In this experiment the IAC is significantly inhibited but not completely inhibited in the presence of 10% buffered formalin like the inhibited extracted sample. See Figure 2. This suggests that a small amount of the formalin made its way into the assay from the extraction, but not enough to completely shut down the assay. The IAC is slightly inhibited in the

presence of the poly-1-lysine and Tripath media, which suggests that most of the poly-1-lysine was removed before transfer of the eluted sample to the assay, and that inhibition of the extracted sample occurred during extraction.

Extraction of CT and GC nucleic acid target are completely inhibited in the presence of 0.03% Poly L-Lysine and 10% Neutral Buffered Formalin.
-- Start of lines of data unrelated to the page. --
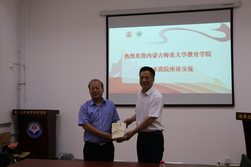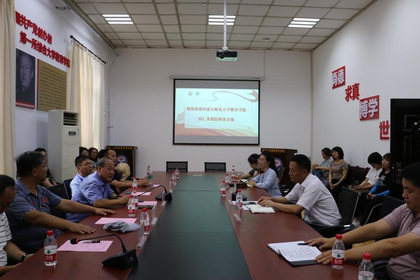 曹殿波副院长首先代表学院党政对内蒙古师范大学教育学院各位领导和教师的到访表示了热烈欢迎。接下来双方对参加座谈会的人员进行了介绍。刘瑞儒院长、米俊魁院长分别对两院的历史沿革、师资力量、学科建设与专业发展等情况进行了简要介绍。
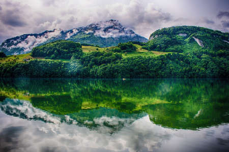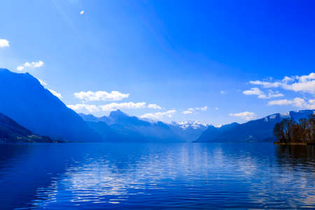 Alps mountain background. Swiss Alps mountain on sunny day. Mountain under clouds in blue sky. Blue nature background. Blue lake with sky near blue mountain.
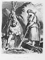 In the spring of 1821, Nodier, with three friends, left France to travel to Ben Lomond, in Scotland, the home of his literary idol Sir Walter Scott. He did not meet Scott there, but still published a book, Promenade de Dieppe aux montagnes d’Écosse (A Journey from Dieppe to the Scottish Highlands) about the trip after returning, which was successful enough to have an English translation.[2] In the preface to Trilby, Nodier acknowledged his inspiration for writing the story to come from his travels to the Scottish Highlands, and said the subject came from a preface or note to one of Scott's novels.[3] He also admitted to taking liberties with the Scottish place names to make them more euphonious in French, writing Argail for Argyll and Balva for Balvaig, since this was a work of imagination rather than fact.[3]
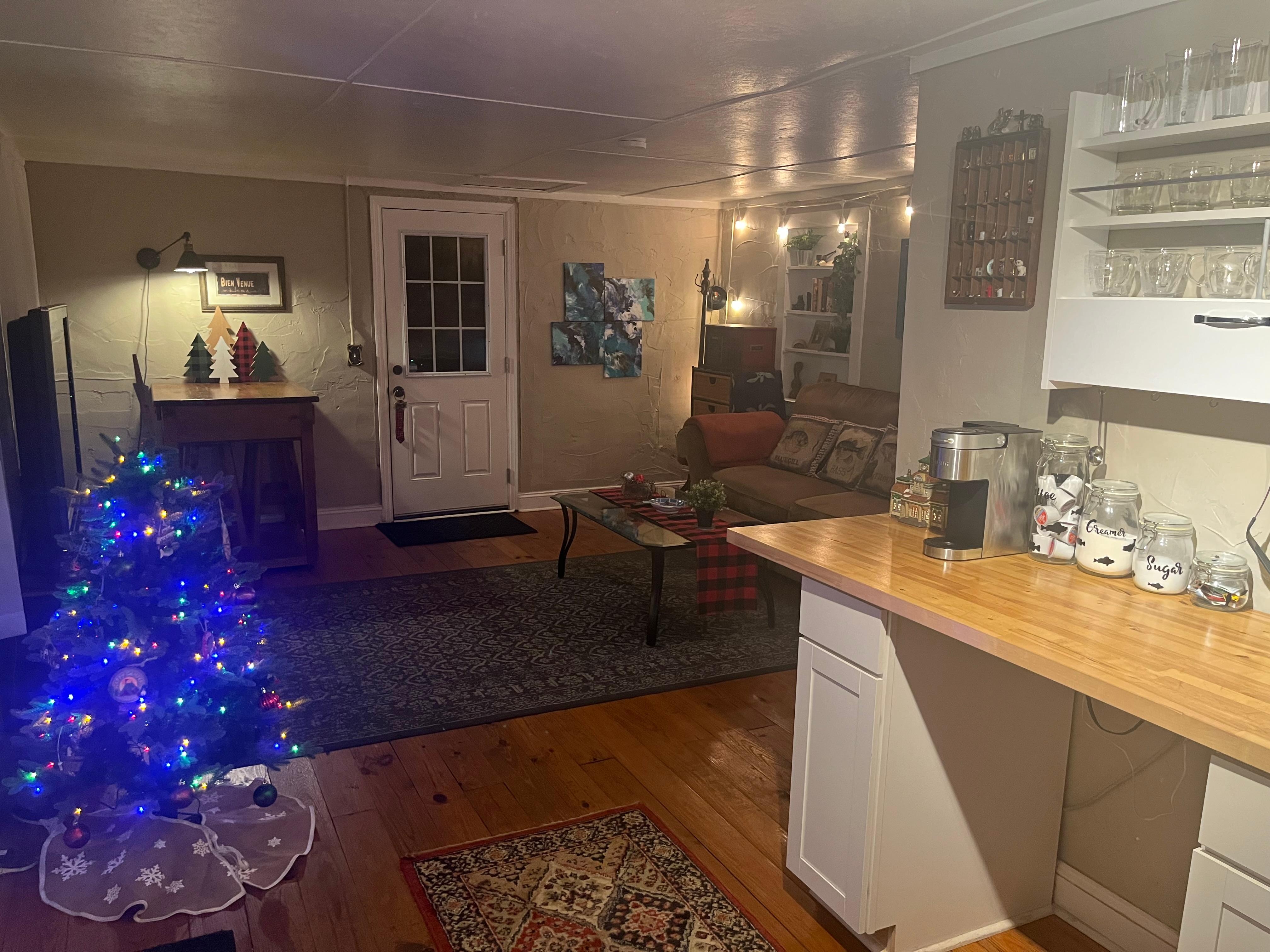 Everything was just as it was pictured on the website. I’m a clean freak and was very impressed with the cleanliness of the cabin upon arrival. The cabin was stocked well with K-cups for morning coffee, a snack basket was a nice surprise, we had plenty of linens and toiletries there was a great album collection I enjoyed going through and a phonograph available to spin vinyl. Books, board games and cards were available. The table and chairs on the porch were perfect for morning toast and coffee. It was a very tranquil and relaxing getaway which was much needed. Courtney was fantastic at communicating all the information we needed prior to arrival. The cabin was even decorated for Christmas which was just an added plus. LOVE the Mickey and Minnie lighted snow globe.
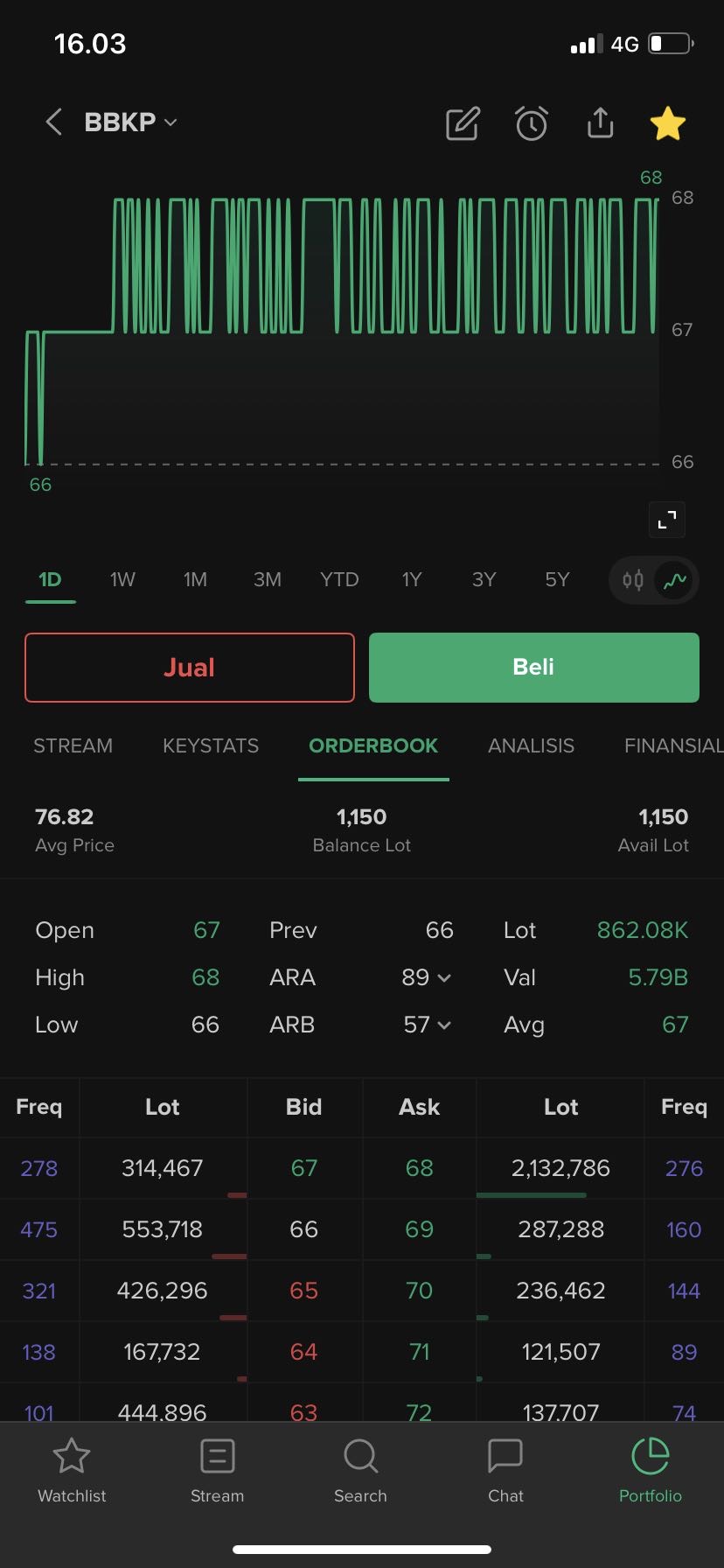 $BBKP Gile saking frustrasinya di pagerin 2,1 Jt lot gara2 si bandar mau tarik turun tapi retail pengen naik , di tembok di 70 gak puas langsung tembok tebel di 68 wkwkkw

Extraction is severely inhibited in the Tripath media for GC target and significantly inhibited for CT target.

Amplification is significantly negatively impacted by carryover of the neutral buffered formalin into the both assays and slightly negatively impacted in the poly 1-lysine and Tripath media. The presence of ferrous sulfate improves performance in the Tripath media. Inhibition is likely due to binding of the target nucleic acids by the positively charged poly-1- lysine and formaldehyde.